* _Task brief_:
The lines to be extracted begin at the line containing "熊童子,叶形叶色较美,花朵玲" and end at the last line of the data below; copy them exactly and leave out the pictures.

* _Source material_:
◇ ◇ ◇ ◇
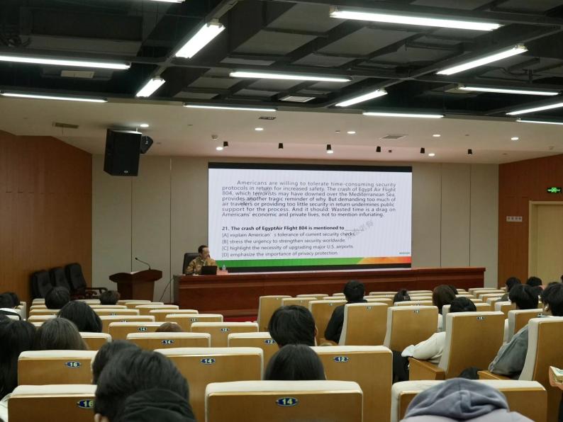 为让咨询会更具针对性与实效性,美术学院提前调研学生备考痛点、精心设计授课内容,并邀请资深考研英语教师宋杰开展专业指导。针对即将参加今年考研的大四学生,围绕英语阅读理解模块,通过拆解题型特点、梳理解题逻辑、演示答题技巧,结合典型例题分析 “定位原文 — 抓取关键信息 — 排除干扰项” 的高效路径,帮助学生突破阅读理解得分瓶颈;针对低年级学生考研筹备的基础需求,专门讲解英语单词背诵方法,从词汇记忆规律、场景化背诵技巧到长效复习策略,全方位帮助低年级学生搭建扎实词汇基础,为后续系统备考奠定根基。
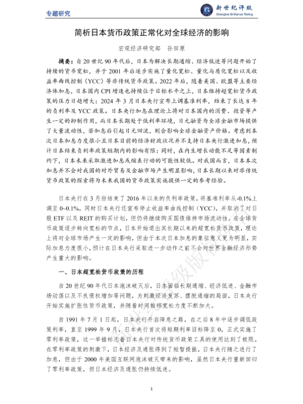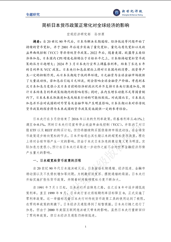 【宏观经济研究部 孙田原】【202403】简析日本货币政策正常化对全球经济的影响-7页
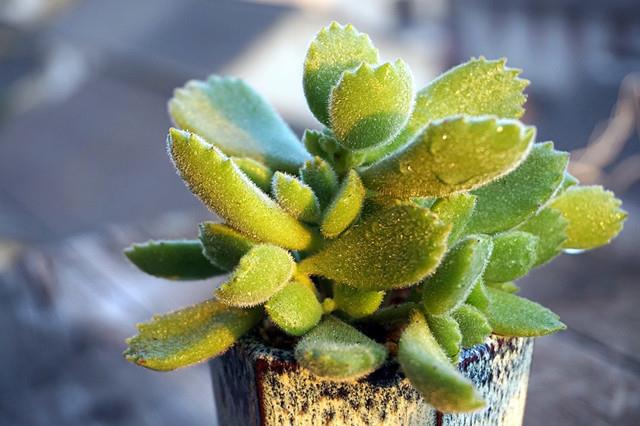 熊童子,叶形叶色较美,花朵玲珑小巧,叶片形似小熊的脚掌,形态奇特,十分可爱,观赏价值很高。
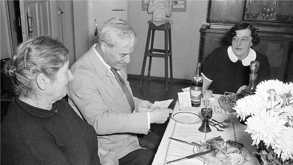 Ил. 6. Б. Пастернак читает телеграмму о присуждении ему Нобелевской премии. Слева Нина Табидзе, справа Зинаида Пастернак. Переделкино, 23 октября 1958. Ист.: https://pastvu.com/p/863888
◇ ◇ ◇ ◇
* _Task answer_:
 熊童子,叶形叶色较美,花朵玲珑小巧,叶片形似小熊的脚掌,形态奇特,十分可爱,观赏价值很高。
 Ил. 6. Б. Пастернак читает телеграмму о присуждении ему Нобелевской премии. Слева Нина Табидзе, справа Зинаида Пастернак. Переделкино, 23 октября 1958. Ист.: https://pastvu.com/p/863888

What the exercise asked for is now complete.